I will recommend we go do something like kayaking. My friends will make excuses about why they can’t go. Then my other friend will say THE EXACT SAME THING and everyones like “yeah that would be fun” and they go do it. What is going here I feel like my friends don’t value my propositions.

11 comments
  1. I’ve seen this happen among one of my friend groups. My observation is charisma matters and how the idea is presented.

    What I do is if I hear a good idea, I’ll say “I think so-and-so’s idea is good,” thereby giving credit to the originator. But that’s not the issue.

    So how do you get them to listen? As stated, develop your charisma. How to deal with it in the meantime? Take some satisfaction knowing that your suggestions are being considered through other people. That’s weird isn’t it? It’s like you’re a royal advisor whispering strategies into the king’s ear.

    If you’re cheeky like I am, you can playfully say something like, “Excuse me. To be clear, kayaking (or whatever) is my idea.” Just don’t say it with any resentment. Say it with sass. That’s what people naturally respect.

    And for what it’s worth, kayaking is great. I did it often in college. I wouldn’t know what a stingray sting feels like without kayaking. It hurts lol.

  2. This happens to me and I think it’s because I talk too much and talk like I know things or share my stories related too much

  3. From your friends’ perspective, the same proposal from a **second** person means a minimum of a 3 person group rather than a theoretical minimum of 2 if they were the only person to accept your first proposal.

    You can use this to your advantage- echo another person’s proposal and you’ll give that proposal a lot more momentum.

    Just don’t take it personally when people are less willing to commit to a proposal from a single person

  4. It’s not about charisma, they clearly don’t like you, happened to me all the time, be careful of the haters!

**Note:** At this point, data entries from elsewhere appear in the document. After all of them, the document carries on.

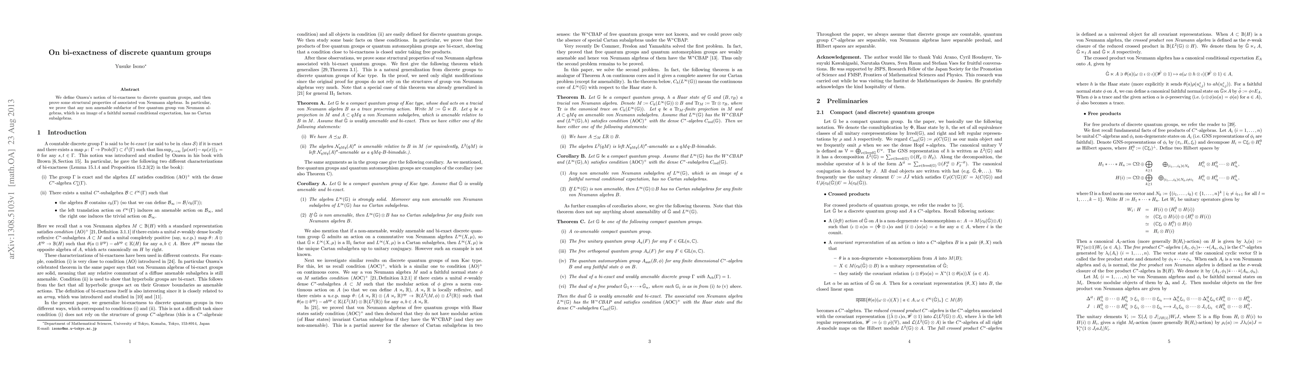 This paper extends Ozawa's notion of bi-exactness to discrete quantum groups, proving structural properties of their associated von Neumann algebras, specifically that non-amenable subfactors of free quantum group von Neumann algebras, which are images of faithful normal conditional expectations, lack Cartan subalgebras.
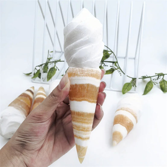 New Product Polished Healing Stone Crystal Craft Yellow Calcite Ice Cream Statues For Gift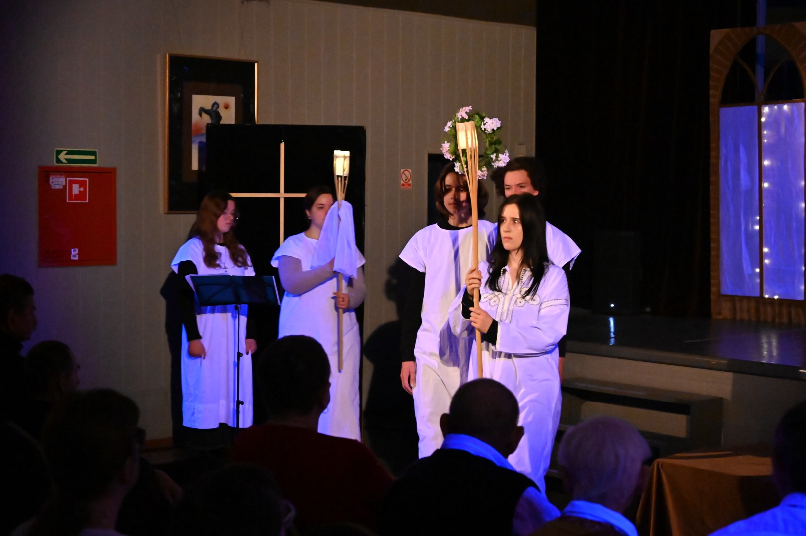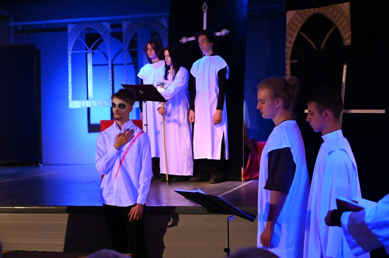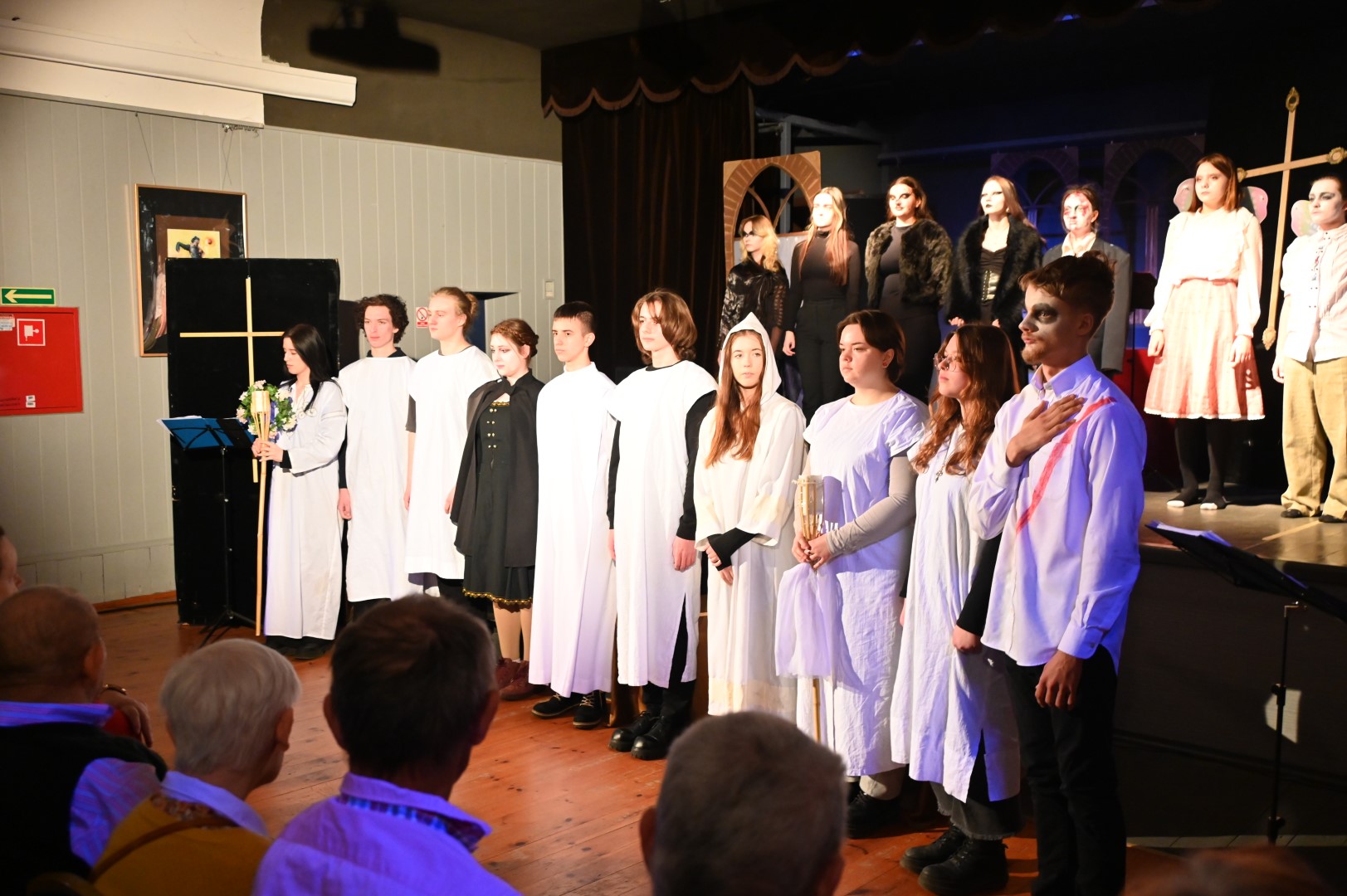 Po raz drugi podopieczni placówek opieki społecznej z Elbląga i powiatu elbląskiego mieli okazję podziwiać talenty artystyczne młodzieży pracującej pod kierunkiem Wojciecha Karpińskiego w Młodzieżowym Domu Kultury w Elblągu. Wcześniej, w listopadzie, nasi młodzi przyjaciele zaprezentowali nam spektakl pod tytułem „Ilu jest mądrych na świecie ?” i właśnie wtedy padło zaproszenie na wiosenną inscenizację „Dziadów” Adama Mickiewicza. Skwapliwie skorzystaliśmy z tego zaproszenia, przybyliśmy w gronie nieomal tak licznym jak jesienią, a doznaliśmy tym razem wrażeń chyba jeszcze silniejszych i bardziej poruszających wyobraźnię. Powoli stajemy się fanami teatralnej twórczości uczniów z elbląskich szkół średnich, których pasja i zaangażowanie udzielają się także nam i dopingują nas do aktywnego uczestnictwa w życiu kulturalnym, przełamującym nudne schematy naszej codziennej doli. Wybieramy się zatem na zapowiedziany kolejny spektakl, tym razem prapremierowy, szykowany na czerwiec 2025 roku, przed nastaniem wakacji.

  5. Might want to consider looking for new friends. Take what i say with a grain of salt though because I don’t know the whole picture

  6. strategy: ask a few people (3-4) individually via dms. preferably those whom you are closer to as they will likely say yes.

    say in your message that you’ve already asked the other people if they want to go. MENTION THEIR NAMES.

    if all those people are like “sure”, extend your invitation to the whole group chat. again, don’t forget to mention the people who were coming

    hope this helps

  7. I obviously don’t know if you are bossy, but I will say that bossy people get this response from people. Because they really aren’t recommending you do something they are telling you to do something and then often getting mad when you don’t want to be told what to do and therefore don’t do as they have told.

    So my theory is maybe you are coming off this way but your friend is coming off like they are making a genuine lighthearted, no-strings-attached recommendation.

  8. After reading your post and comments, your friends just aren’t that into you.

  9. This used to happen to me a lot, except at work! When problem solving I would offer a solution, which would either be ignored or I get a “hmm”. Then my other coworker suggests the same thing a few minutes later and she’s praised with “great idea!”. Oof. Luckily my coworker is a gem and will say “oh it was prairiepariahs idea” and sometimes it’s still ignored or given a “hmm”. I’m guessing I have a passive way of speaking, and often I’m more quiet and just go with the flow so people don’t always expect leadership from me if I do have an idea.